This Zotero curated collection of articles, journal papers, book chapters, and videos on various aspects of Open Work and Open scholarship is the first step in our professional development efforts. It includes links to drafts of our recommendations around releasing Open Work and on building your evaluation, tenure and promotion cases with Open Work. We hope to offer professional development-related workshops in late fall or early spring of the coming AY.

Student Education

Open@RIT is wrapping up our “Open Across the Curriculum” efforts.  While we’ve had several courses and a minor in place, they mostly were for juniors and seniors.  Those classes were modified to begin accepting sophomores, and some new pieces are being brought into play.  

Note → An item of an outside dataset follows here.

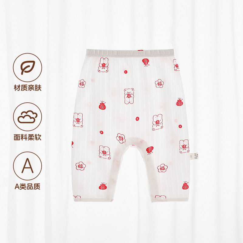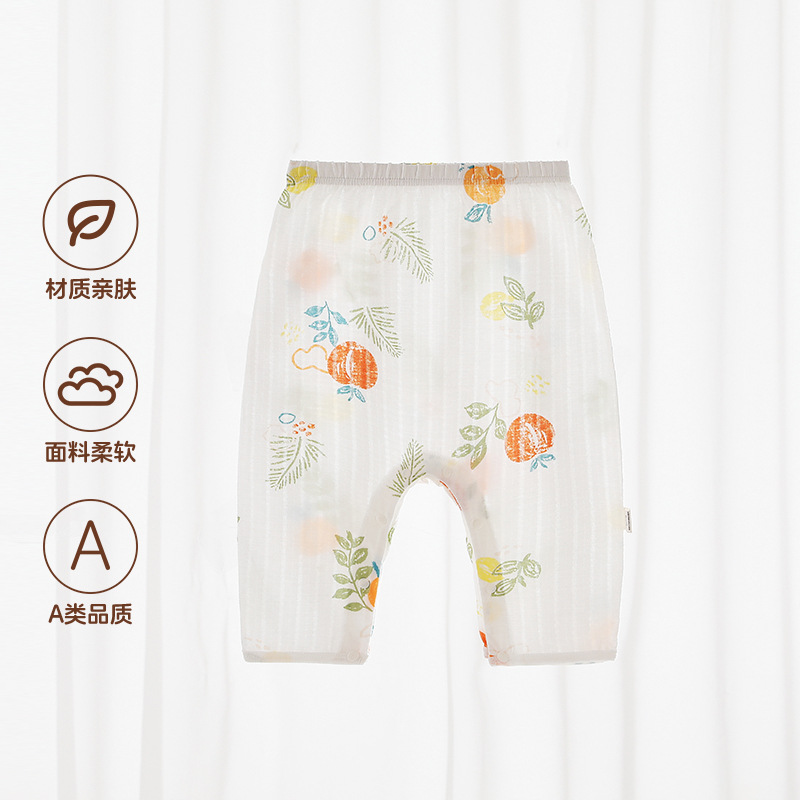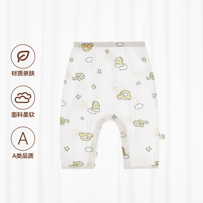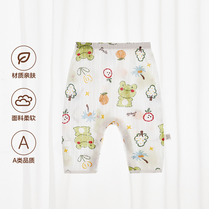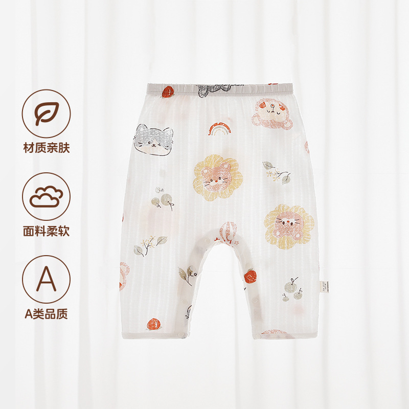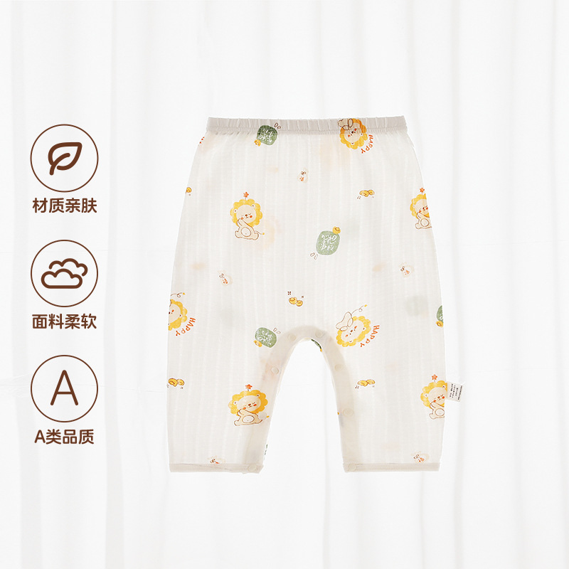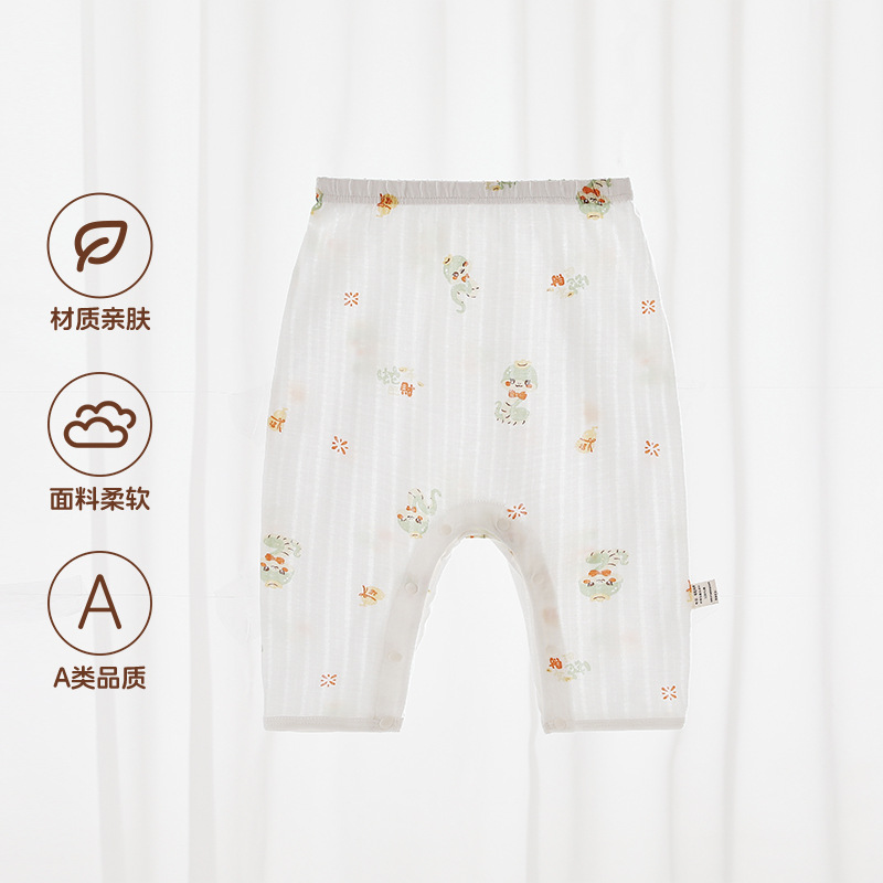 Beileyi 스냅 버튼 아기 바지 여름 얇은 가랑이없는 통기성 아기 바지 순수 코튼 숨겨진 버튼 무료 모기 방지 바지스토어 가기

At RIT, students are required to take an “Immersion,” a collection of three courses, primarily from liberal arts, designed to broaden students’ education and experiences outside of their majors. The Free Culture and Free and Open Source Computing Immersion does just that and opens to students this fall. 

Within the month, Open@RIT will distribute a set of lecture materials to all departments for opt-in use in their freshman seminars that discuss what it means for students to own their IP in general and, specifically, what Opening that IP can mean in science, technology, and the arts. 

Once the last pieces fall into place, students will be able to learn about Open as Freshmen, take one or both of our foundational FOSS courses Humanitarian Free and Open Source Software and Free and Open Source Culture as Sophomores and then go on to the Immersion (three courses) or the Minor (five courses) should they so choose.

Advisory Board and Industry Service

Open@RIT meets three times/year with our advisory board, consisting of our alums and several Open Source Office members from Industry and related NGOs. 

Open@RIT is active in FOSS efforts and organizations that include IEEE SA Open, Sustain Open Source’s Academic and Specialized Projects Working Group and CHAOSS Community’s Value working group.

Next Steps

By the end of 2022, Open@RIT will complete all of the points in its charter, hold a campus conference to highlight Open Work being done across the university, and complete a sustainability plan to ensure its future.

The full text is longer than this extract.